Well, I see that our embarrassing legislators have given committee approval to the “let’s target brown folks” bill–aka “immigration enforcement.” Much like the widely criticized Arizona law after which it was modeled, the measure would allow police to stop people and demand proof that they are in the country legally if there is “probable cause” to question their immigration status. “Probable cause” includes failure to speak English, a provision that led a snarky friend of mine to suggest that people in southern Indiana should start carrying their birth certificates.
How would you prove that you are a citizen, or otherwise legally entitled to be in the United States, if you were stopped? Those of us with passports could start carrying them everywhere, I suppose. Or we could carry birth certificates. A driver’s license isn’t considered proof.
Since the sponsors of this bill insist it does not depend on profiling or skin color, we would all need to carry “official papers” of some sort in case we were stopped. And that is ironic, although I’m sure it is an irony that escapes our intrepid lawmakers.

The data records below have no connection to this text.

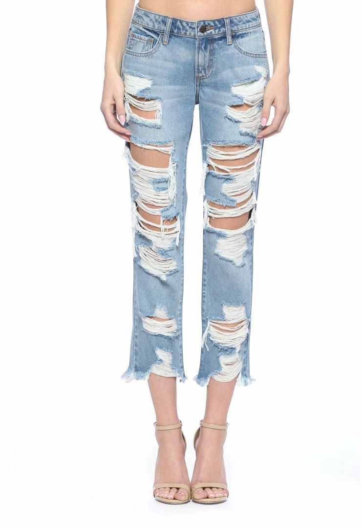 Beautifully balanced, these boyfriend jeans offer a comfy mid rise and slouchy fit. Their destructed detailing and light blue wash make them a must have.Β
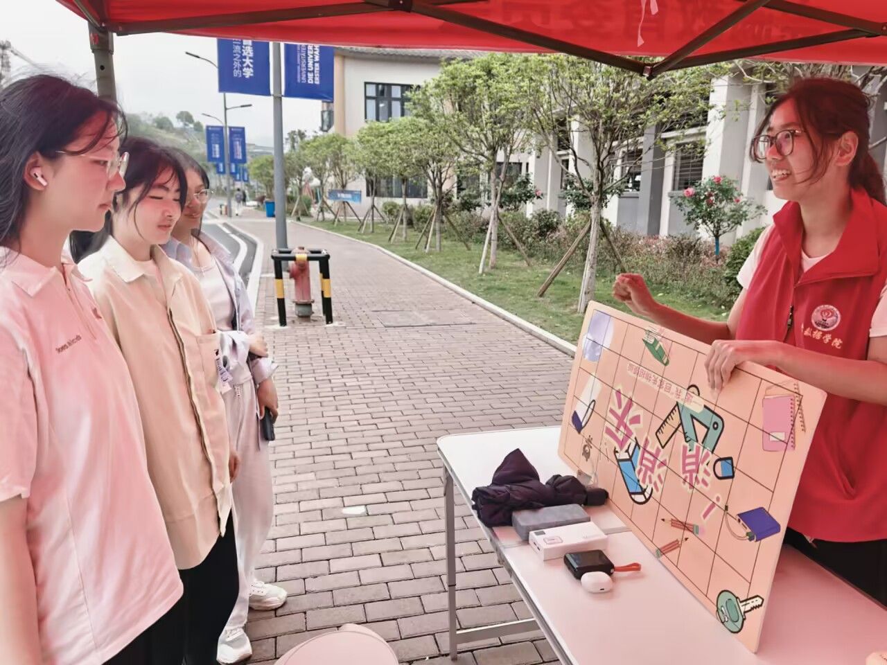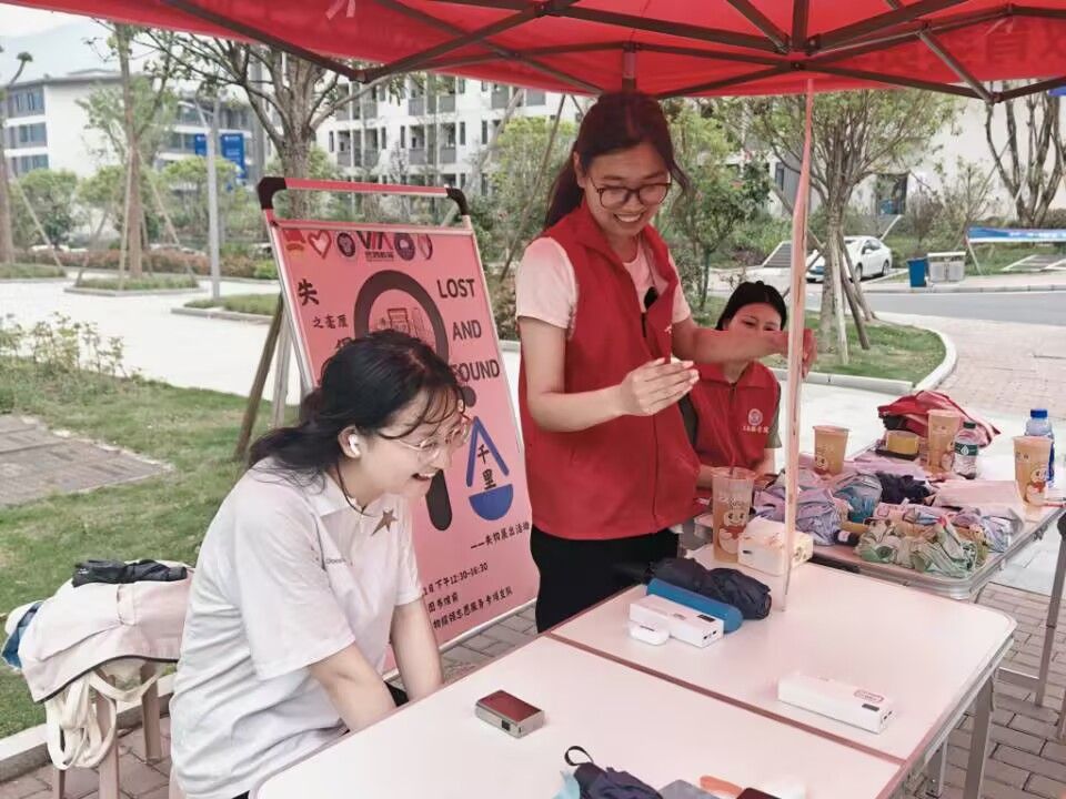 活动现场设立的失物招领展区也吸引许多师生驻足。工作人员将近期在教学楼各主要区域收集到的50余件遗失物品进行分类展示,展品主要涵盖三大类高频遗失物品:雨伞、蓝牙耳机、充电宝。针对长期困扰师生的校园失物管理难题,展区特别制定标准化的认领流程,认领者需准确描述物品特征,随后志愿者将依据物品编号调取登记档案进行比对,在确认物品归属无误后,认领者需完整填写包括学号、联系方式等信息的登记表。这一规范化运作模式不仅提高失物招领效率,也为建立长效的校园失物管理机制提供了实践基础。
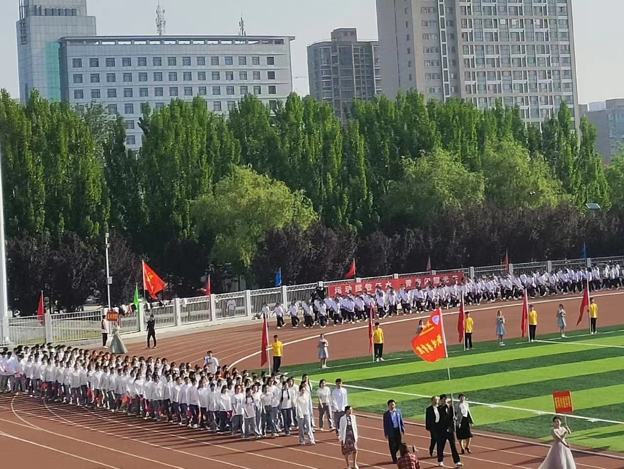 2023年4月27日上午,Williamhill威廉希尔第十四届运动会开幕式在西区田径场隆重召开。Williamhill威廉希尔党委书记孙功奇、校长尹新明、副校长宋伟及学校各职能部门、各学院领导老师出席此次活动,全体裁判员、全体运动员、各院系方阵队及各院系观众准时入场参加开幕式。
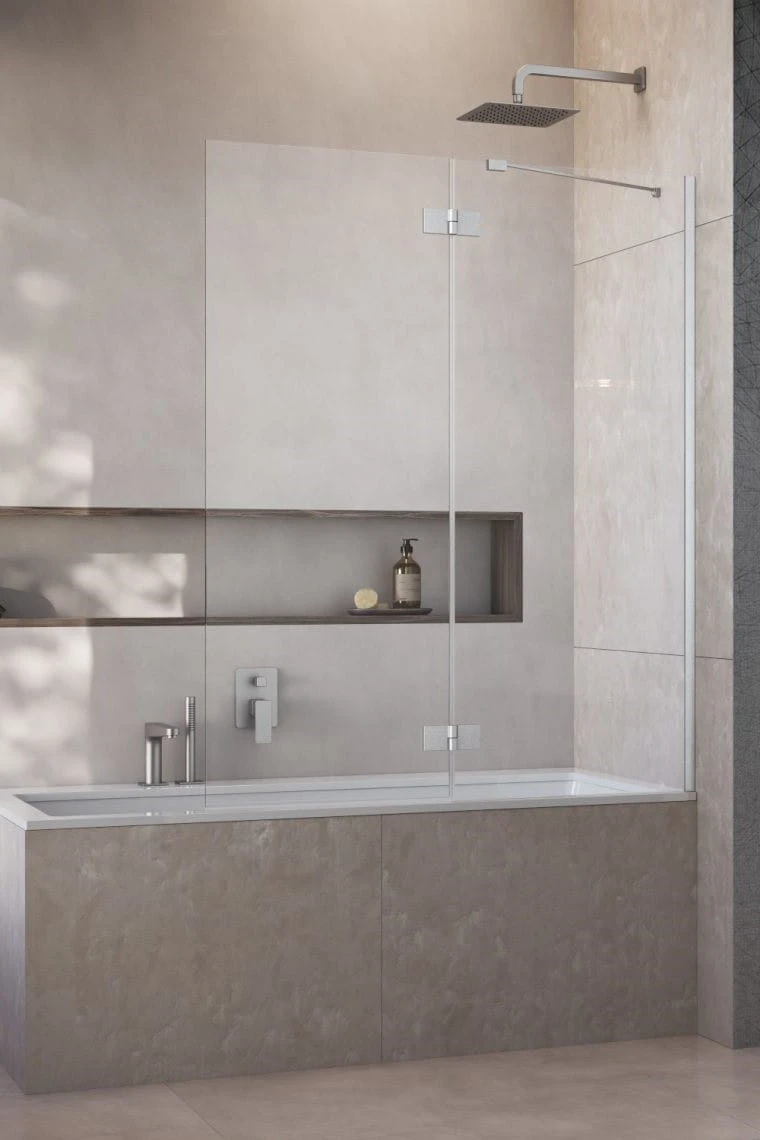 - Parawan dwuczęściowy. Jedna część jest montowana na stałe do wanny. Druga jest uchylna na zewnątrz wanny.
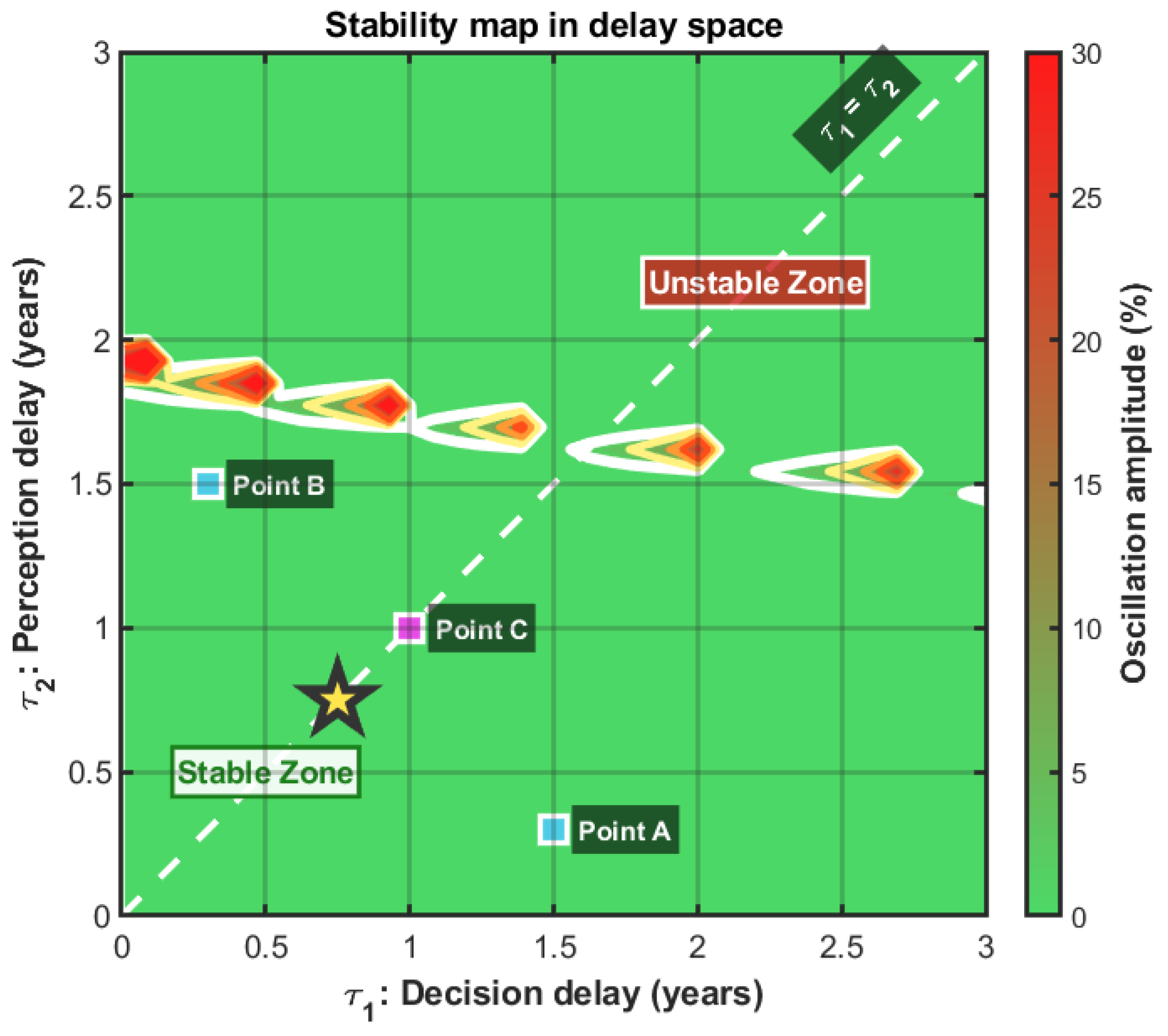 Along the diagonal , we find our critical threshold of about 1.64 years, but away from this diagonal, behavior changes. If we fix years (short perception delay) and progressively increase , the system remains stable up to values of reaching 1.5–1.8 years. Similarly, if we fix years and increase , we can go up to 1.6–1.8 years before losing stability.

When my oldest grandson was twelve or thirteen, my husband took him to New York’s Ellis Island. The museum of immigration had a wonderful interactive display, showcasing the history of those who came to America and the reasons they left their homelands. What made the deepest impression on our grandson was the number of people who left their original homes because they were required to have “papers” on them at all times, required to prove their right to walk the streets of the cities in which they lived. He found such a requirement incomprehensible.
I hope he has his papers. He tans easily.